Timbal generates comprehensive evaluation results in JSON format:

{
"total_tests": 5,
"total_turns": 12,
"outputs_passed": 10,
"outputs_failed": 2,
"steps_passed": 8,
"steps_failed": 4,
"usage_passed": 12,
"usage_failed": 0,
"execution_errors": 1,
"tests_failed": [
{
"test_name": "eval_product_search",
"test_path": "evals/product.yaml::eval_product_search",
"input": {
"text": "Find product X123",
"files": []
},
"reason": ["steps", "output"],
"execution_error": null,
"output_passed": false,
"output_explanations": [
"Response did not include required product specifications"
],
"actual_output": {
"text": "I couldn't find that product.",
"files": []
},
"expected_output": {
"validators": {
"semantic": ["Should provide product details and availability"]
}
},
"steps_passed": false,
"steps_explanations": [
"No step found with tool 'search_product_catalog'."
],
"actual_steps": [
{
"tool": "general_search",
"input": {"query": "X123"}
}
],
"expected_steps": {
"validators": {
"contains": [{"name": "search_product_catalog"}]
}
},
"usage_passed": true,
"usage_explanations": []
}
]
}

Result Analysis

  • Summary metrics: Total counts of passed/failed validations across all test types
  • Detailed failures: Complete information about each failed test including:
    • Actual vs Expected: What the agent actually did vs what was expected
    • Explanations: Detailed reasons for failures from each validator
    • Execution errors: Runtime errors during test execution
  • Usage monitoring: Resource consumption tracking for cost and performance optimization

Current Limitation

Important: The eval system automatically overrides your agent's state saver configuration. During evaluation, your agent will use JSONLSaver regardless of its original configuration.

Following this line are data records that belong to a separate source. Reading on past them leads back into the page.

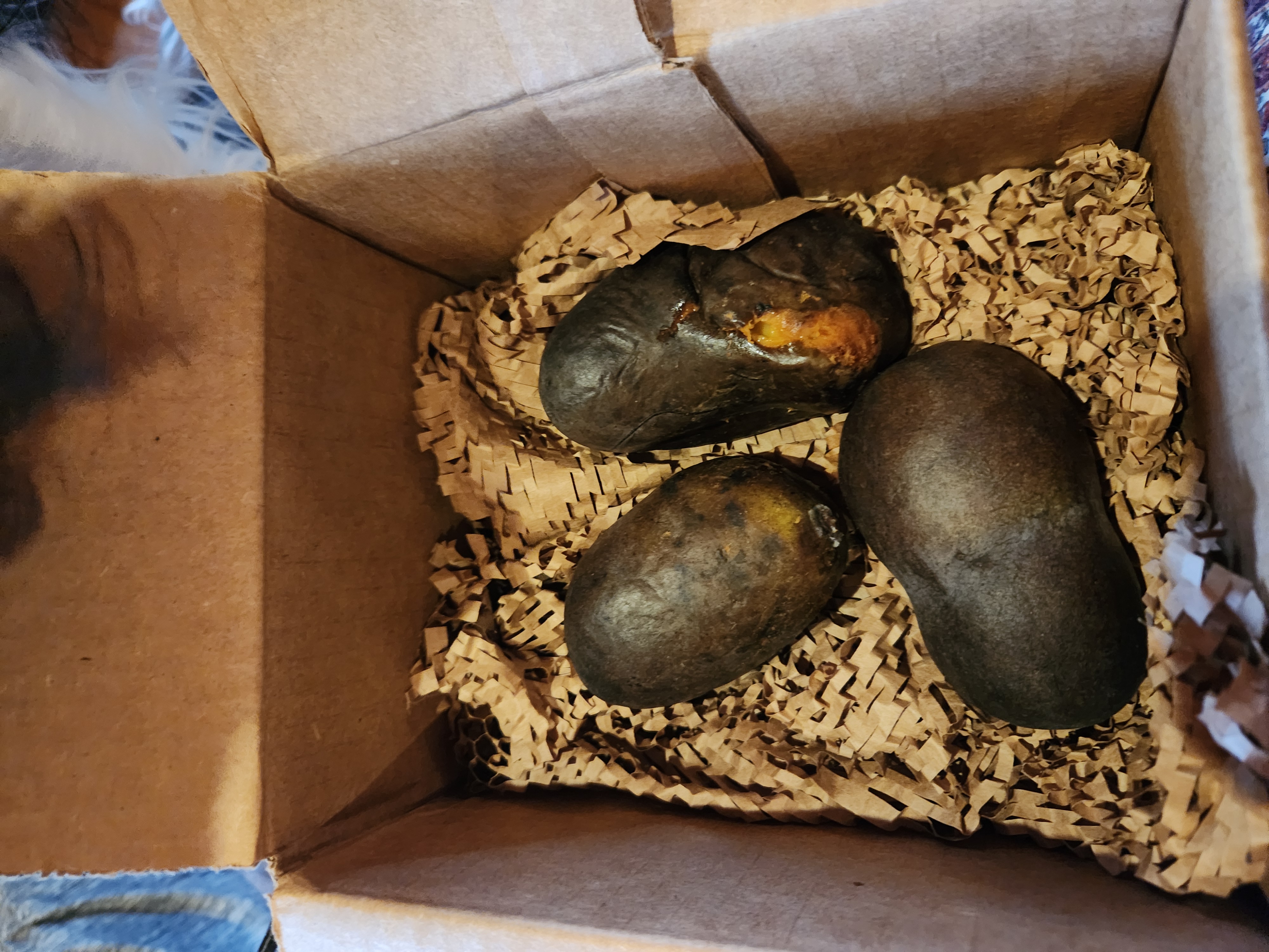 They came!! One had a scuff about the size of a quarter, on top, another had a tiny one a little smaller than a dime, on the bottom. We (very happily) at those two, and I popped the 3rd into the fridge, to eat tomorrow - IF the pawpaws like is a much as we like them, tonight. In the meantime, the seeds from the first two are in prep to be planted.
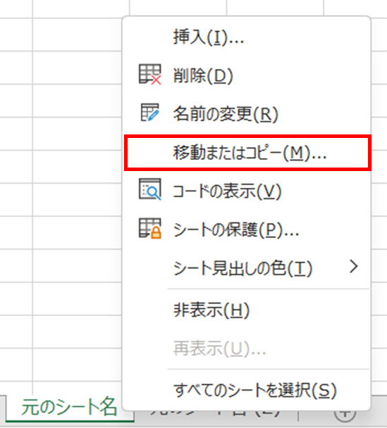 コピーしたい元のシートタブを右クリックして、「移動またはコピー」を選択します。
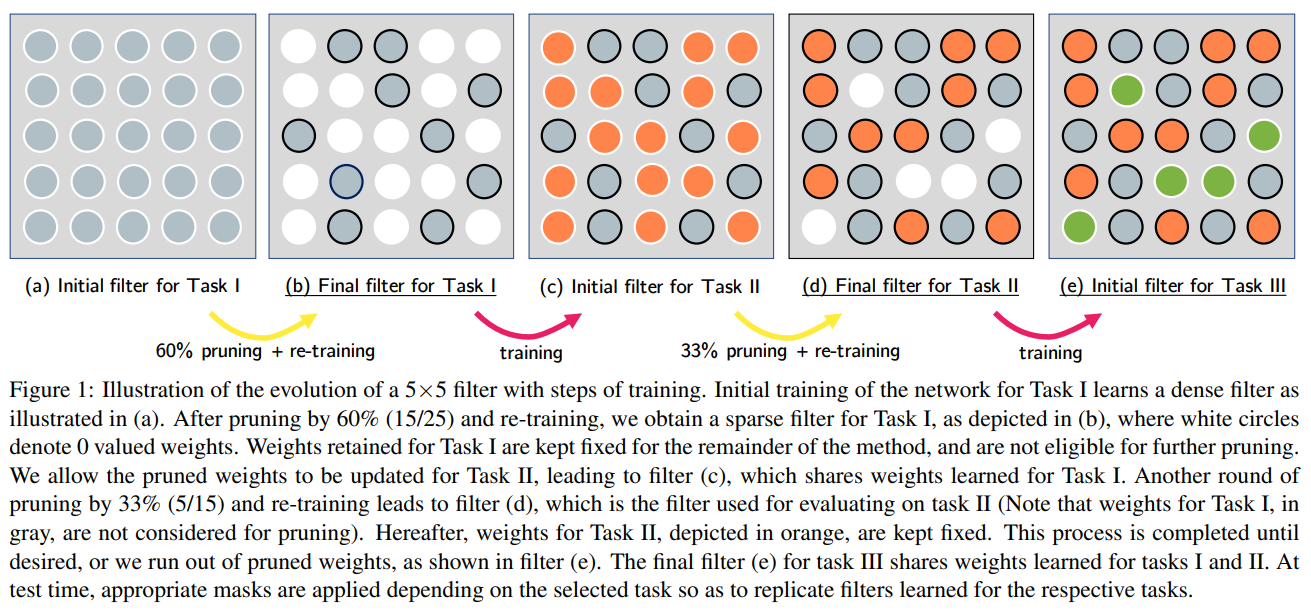 Package network를 나타내는 말로 여러 task를 network 하나에 packaging 한다는 의미다. 학습 방법은 간단한데, 특정 task를 훈련한 모델에서 중요하지 않은(magnitude가 작은) parameter를 pruning 하고 재학습한 후, new task를 학습시켜가는 방식이다. 이렇게 되면 old task, new task를 어느 정도 잘 맞출 수 있게 된다. 이 아이디어로 transfer learning에 적용한 PAC-net: a model pruning approach to inductive transfer learning([7])도 있다. 논문의 제목처럼 pretrained data에서 배운 prior knowledge를 유지하며 transfer learning 하려고 할 때 좋은 성능을 낸다.
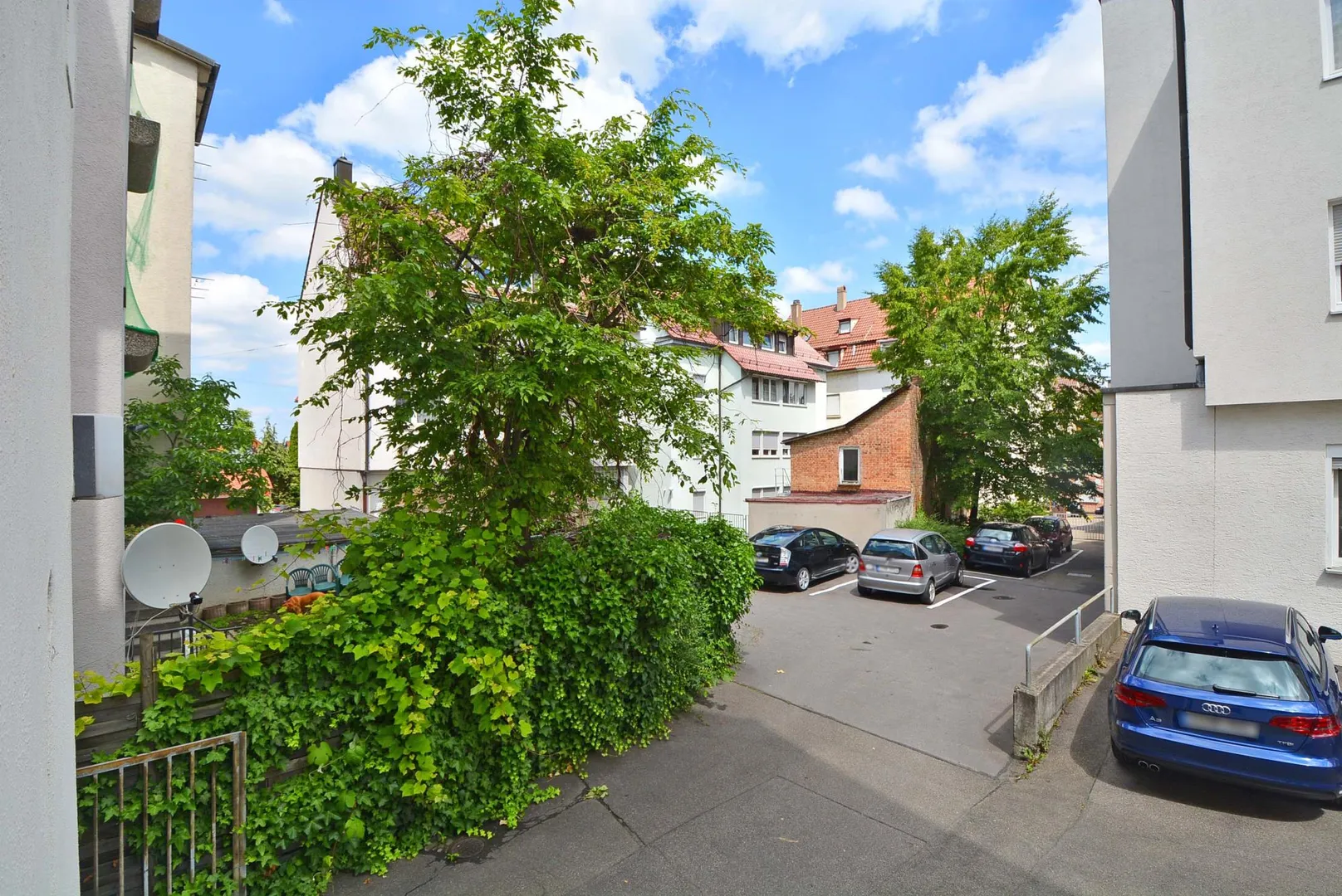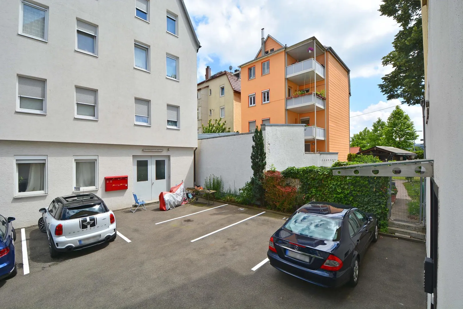 Zur Büro-Etage gehören ein Abstellraum auf der Etage, ein Abstellraum im Untergeschoss sowie ein Kfz-Außenstellplatz im Hof.

# Your agent can use any state saver - it will be overridden during evals
from timbal.state.savers import InMemorySaver, JSONLSaver, TimbalPlatformSaver
agent = Agent(
# ... other parameters
state_saver=InMemorySaver() # or any other saver - will be overridden
)

The eval system automatically sets: agent.state_saver = JSONLSaver(path=Path("state.jsonl"))

Summary

Timbal's evaluation framework provides:

  • Comprehensive Testing: Validate outputs, tool usage, and resource consumption
  • Flexible Validation: From exact string matching to semantic LLM-powered checks
  • Multi-turn Support: Test complex conversational flows and memory retention
  • Detailed Reporting: Rich failure analysis for debugging and improvement
  • CI/CD Integration: Automated testing to prevent regressions

This evaluation system helps you build reliable, testable AI agents that consistently produce correct results and follow expected processes, giving you confidence in your agent's behavior across different scenarios and edge cases.